Ariadne Abandoned by Theseus
Ariadne – The Holy One; The Pure One
Ariadne is most famous as the Minotaur’s sister. She fell in love with Theseus and betrayed her brother, family, and kingdom by helping Theseus enter the labyrinth, kill the Minotaur, and escape. Ariadne holds the end of the spool of thread that rescues Theseus from the labyrinth. He rewards her by abandoning her on the deserted isle of Naxos, where Dionysus finds and marries her and they live happily after.
The tale of Ariadne, Theseus, Dionysus, and the Minotaur is the subject of operas, comics, and philosophy books. An illustrated retelling is found in Doris Orgel’s Ariadne, Awake! (Viking, 1994).
Beneath the classical myth lies a goddess. Ariadne is a pre-Greek goddess of Minoan Crete, possibly a snake and/or spider goddess. Perhaps after the fall of Minoan civilization, she decided to leave home and see the world. That’s what she does with Dionysus: their marriage is described as fruitful and joyful. They travel together, teaching the art of making wine. In some versions, Ariadne is immortal and they’re travelling still. The Ariadne of Minotaur fame may be this goddess, her avatar, or her high priestess.
In other myths, she eventually dies, either of old age or in childbirth. Dionysus commemorates her by placing her crown in the sky. Alternatively, when he retrieves his mother from Hades, Dionysus simultaneously resurrects Ariadne.

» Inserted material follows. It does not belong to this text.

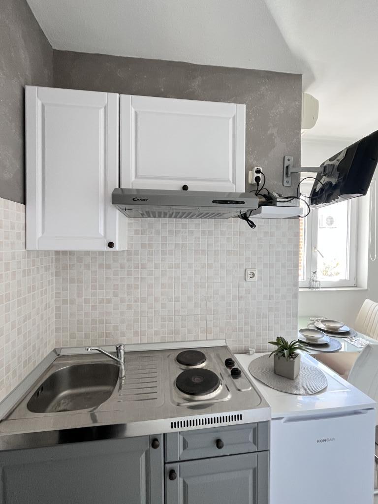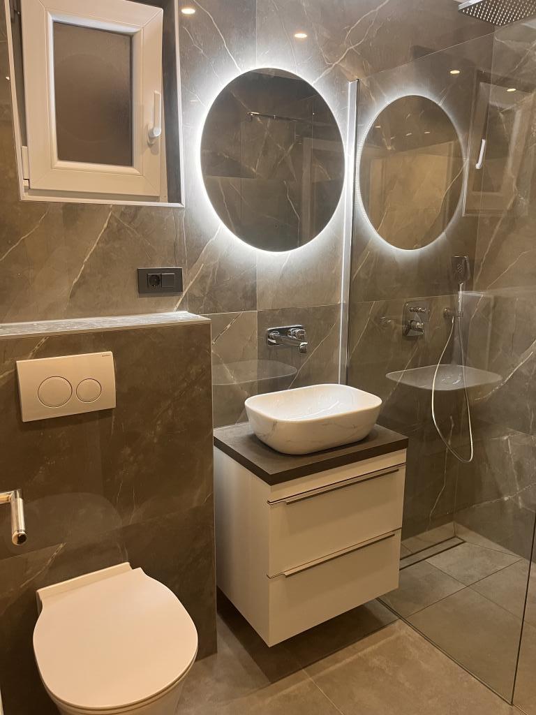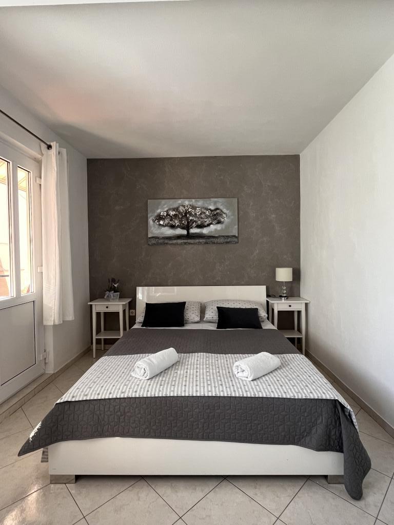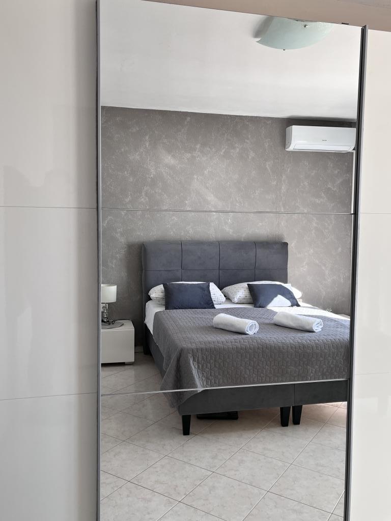 Mieszkanie A4+1 jest duże i wygodne. To dwie zamykane sypialnie z prywatnymi łazienkami i dodatkowa trzecia łazienka dostępna z korytarza z pralką. W kuchni zmywarka i dodatkowa lodówka na napoje. Klimatyzacja w każdym pokoju. Czysto. Bardzo miła właścicielka

Ariadne is invoked for assistance with true love, marriage, and childbirth. She is considered an ameliorating influence on Dionysus and may be petitioned for relief of alcoholism.
Ariadne, happily in company with Dionysus, was a favourite subject of ancient Greek vase painters. Victorian painters preferred to pose her alone. She is often portrayed as a sleeping goddess. Artist John William Waterhouse (1849–1917) envisioned Ariadne dressed in deep saffron hues, sleeping in the company of leopards and poppies.
Ariadne is venerated alongside her husband, mother-in-law, satyrs, and any of the spirits in Dionysus’ entourage. In addition, she was also traditionally venerated together with Aphrodite in Cyprus.
Ivy, which twines like snakes; potentially a mild intoxicant; symbolic of eternity
Crane. (Ariadne was venerated with crane dances.)
She is associated with both the lab-yrs and the labyrinth.
The Corona Borealis (Northern Crown) is her crown.